** Task brief **
Pictures aside, each entry has to be returned exactly as it stands.

** Provided information **
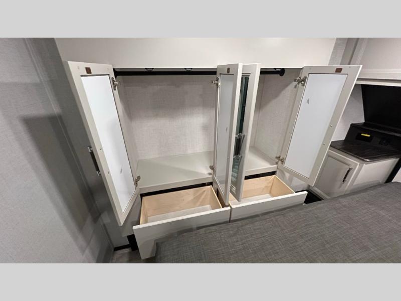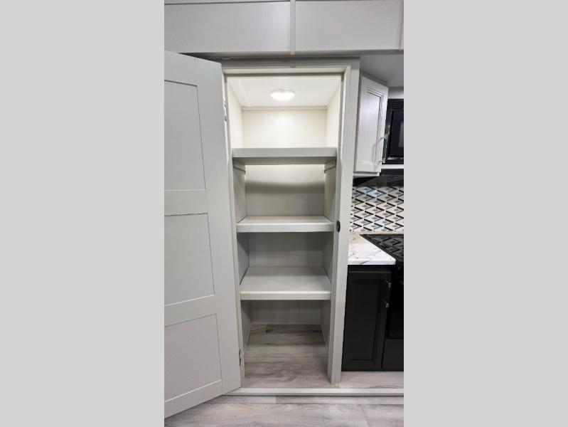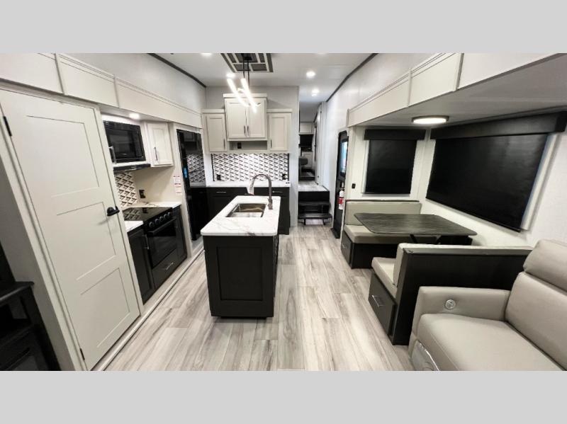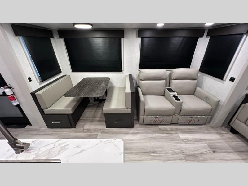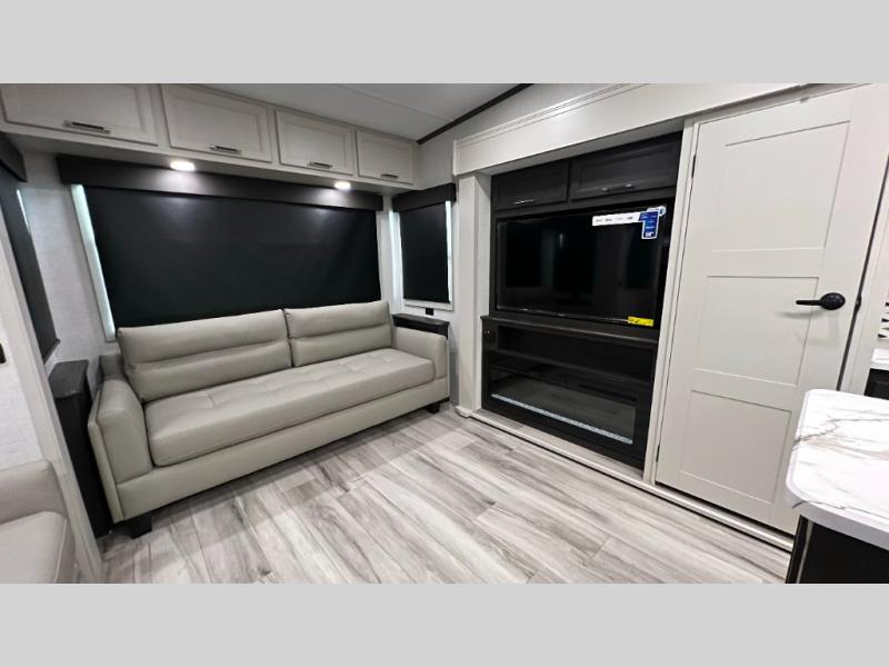 Make each camping trip complete with this fifth wheel in tow! The chef of your group will love making meals each day in the fully equipped kitchen that includes a kitchen island, a hutch, plus a pantry for food storage. The booth dinette will provide a place to dine each day, and the theater seating is right across from the TV with storage behind and a fireplace for easy viewing. And if you're not needing additional sleeping space you can switch out the booth dinette for the optional free-standing dinette! If you have guests, they can sleep on the rear XL sofa sleeper each night that extends to king-size, while you take the front private bedroom. Here, you'll find a queen bed, a wardrobe slide out, plus dual nightstands for your things.
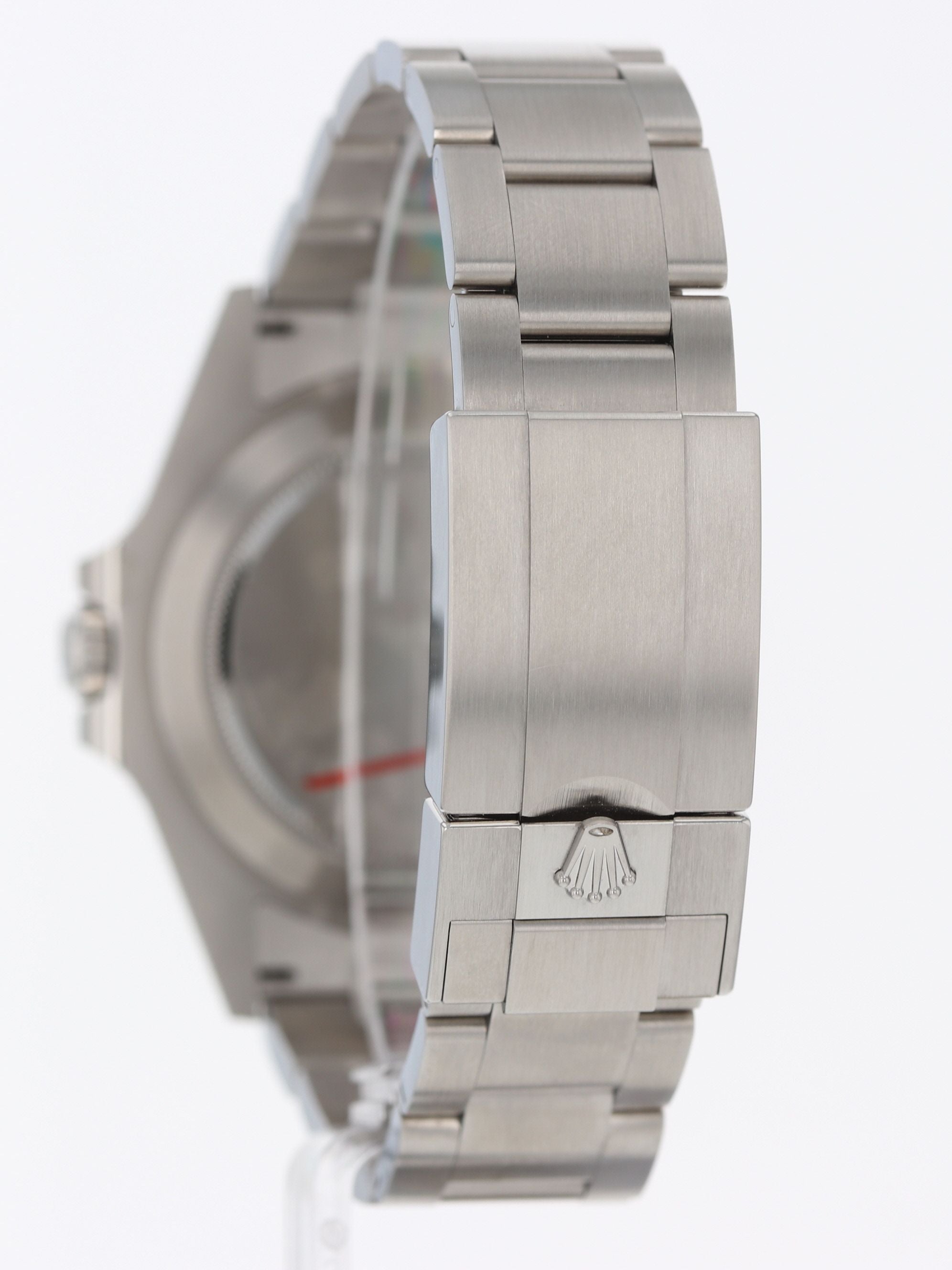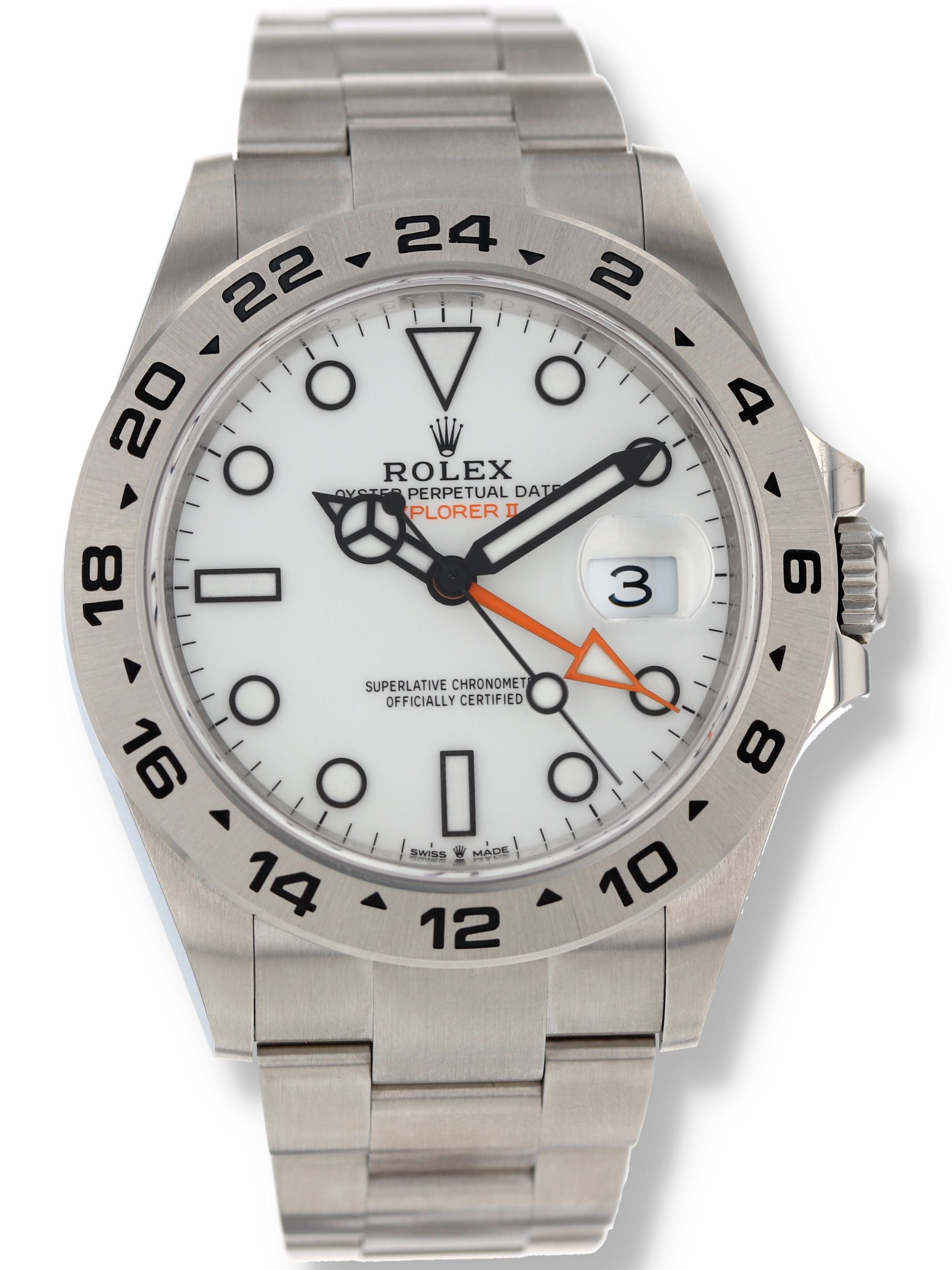 Rolex stainless steel Explorer II, automatic, size 42mm. Rolex reference 226570 with a stainless steel case and Oyster bracelet, Folding Oysterlock safety clasp with Easylink 5 mm comfort extension link, 24-hour bezel, "Polar" white index dial, luminescent markers and hands, magnified date display, sapphire crystal. Rolex box and card dated 2025. Five year full warranty.
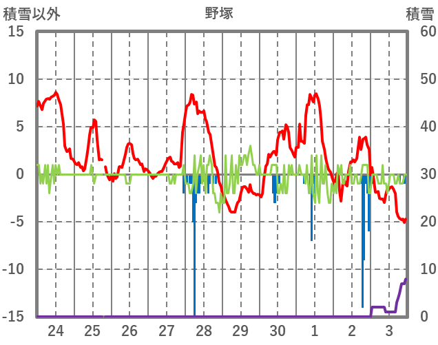 | 日 | 時 | 気温 | 降水 | 風向/風速 | 日照 | 積雪 | 降雪 |
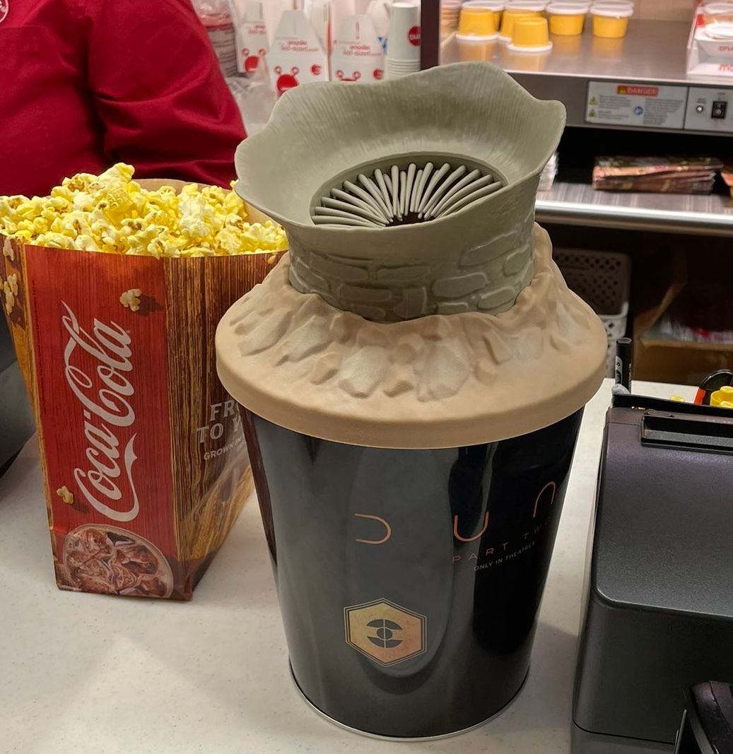 The other topic of much discussion this past week is the impending arrival of Denis Villeneuve’s DUNE: Part 2. The star of the conversation? The promotional Dune 2 popcorn bucket;
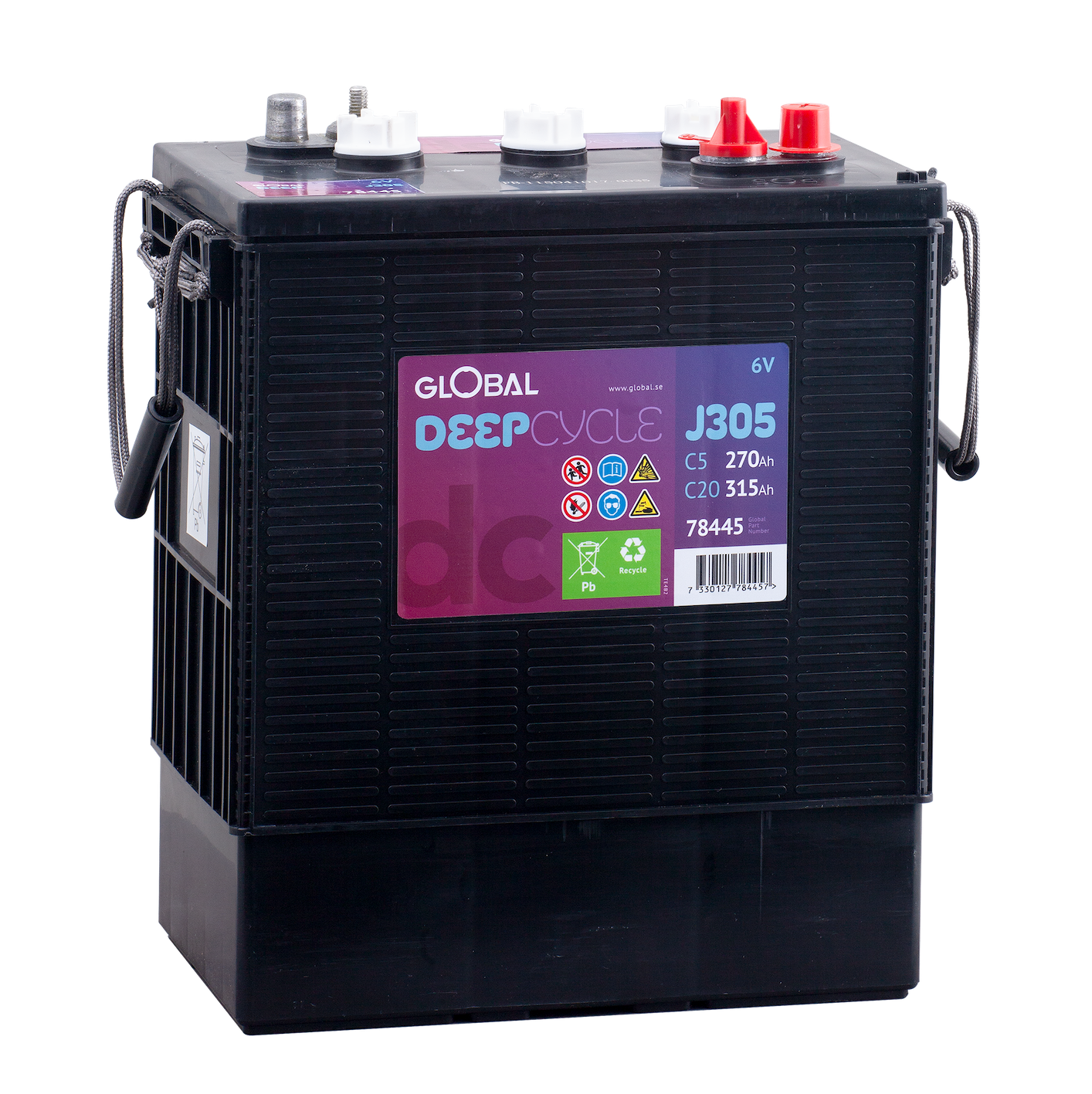 Global J305 är ett kraftfullt och robust öppet blybatteri 6V 315Ah, idealiskt för utrustning där hög driftsäkerhet krävs. Den klassiska våtcellsdesignen är konstruerad för att regelbundet fylla på med nytt batterivatten, vilket vilket krävs för denna typ av batteri.
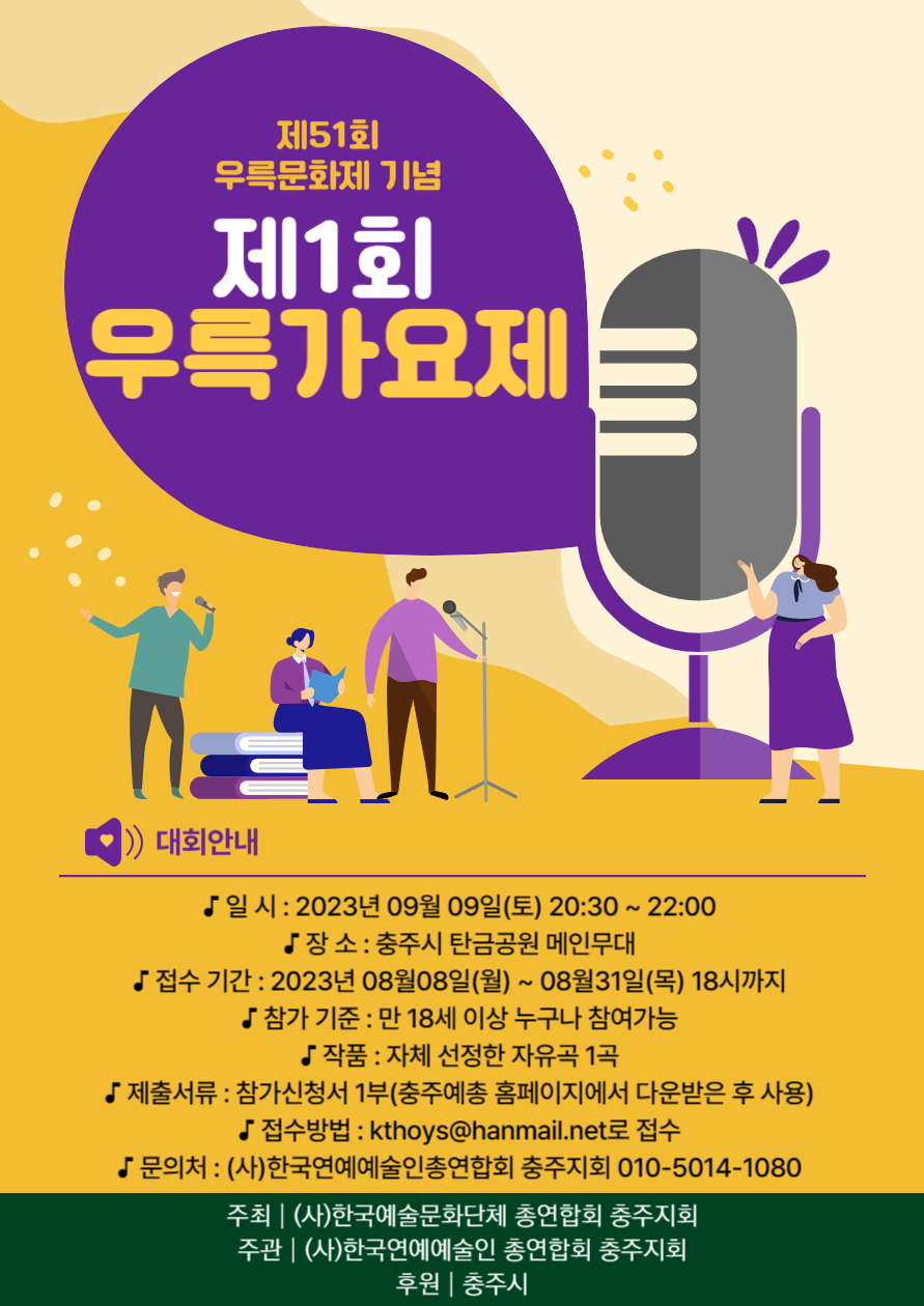 제51회 우륵문화제 기념 '제1회 우륵가요제' 개최 안내 작성자 운영자 등록일자 2023년 8월 14일 11시 27분 21초 조회 1,095 ※ 참가신청서 및 기타서류는 첨부파일을 다운로드 받아 확인하여 주시기 바랍니다. 제1회 우륵가요제 모집공고.pdf [ Size : 74.26KB, Down : 828 ] 다운로드 제1회 우륵가요제 참가신청서 등.hwp [ Size : 46KB, Down : 683 ] 다운로드 제1회 우륵문화제(최종).jpg [ Size : 267.22KB, Down : 1,432 ] 미리보기 다운로드 목록보기

** Written response **
 Make each camping trip complete with this fifth wheel in tow! The chef of your group will love making meals each day in the fully equipped kitchen that includes a kitchen island, a hutch, plus a pantry for food storage. The booth dinette will provide a place to dine each day, and the theater seating is right across from the TV with storage behind and a fireplace for easy viewing. And if you're not needing additional sleeping space you can switch out the booth dinette for the optional free-standing dinette! If you have guests, they can sleep on the rear XL sofa sleeper each night that extends to king-size, while you take the front private bedroom. Here, you'll find a queen bed, a wardrobe slide out, plus dual nightstands for your things.
 Rolex stainless steel Explorer II, automatic, size 42mm. Rolex reference 226570 with a stainless steel case and Oyster bracelet, Folding Oysterlock safety clasp with Easylink 5 mm comfort extension link, 24-hour bezel, "Polar" white index dial, luminescent markers and hands, magnified date display, sapphire crystal. Rolex box and card dated 2025. Five year full warranty.
 | 日 | 時 | 気温 | 降水 | 風向/風速 | 日照 | 積雪 | 降雪 |
 The other topic of much discussion this past week is the impending arrival of Denis Villeneuve’s DUNE: Part 2. The star of the conversation? The promotional Dune 2 popcorn bucket;
 Global J305 är ett kraftfullt och robust öppet blybatteri 6V 315Ah, idealiskt för utrustning där hög driftsäkerhet krävs. Den klassiska våtcellsdesignen är konstruerad för att regelbundet fylla på med nytt batterivatten, vilket vilket krävs för denna typ av batteri.
 제51회 우륵문화제 기념 '제1회 우륵가요제' 개최 안내 작성자 운영자 등록일자 2023년 8월 14일 11시 27분 21초 조회 1,095 ※ 참가신청서 및 기타서류는 첨부파일을 다운로드 받아 확인하여 주시기 바랍니다. 제1회 우륵가요제 모집공고.pdf [ Size : 74.26KB, Down : 828 ] 다운로드 제1회 우륵가요제 참가신청서 등.hwp [ Size : 46KB, Down : 683 ] 다운로드 제1회 우륵문화제(최종).jpg [ Size : 267.22KB, Down : 1,432 ] 미리보기 다운로드 목록보기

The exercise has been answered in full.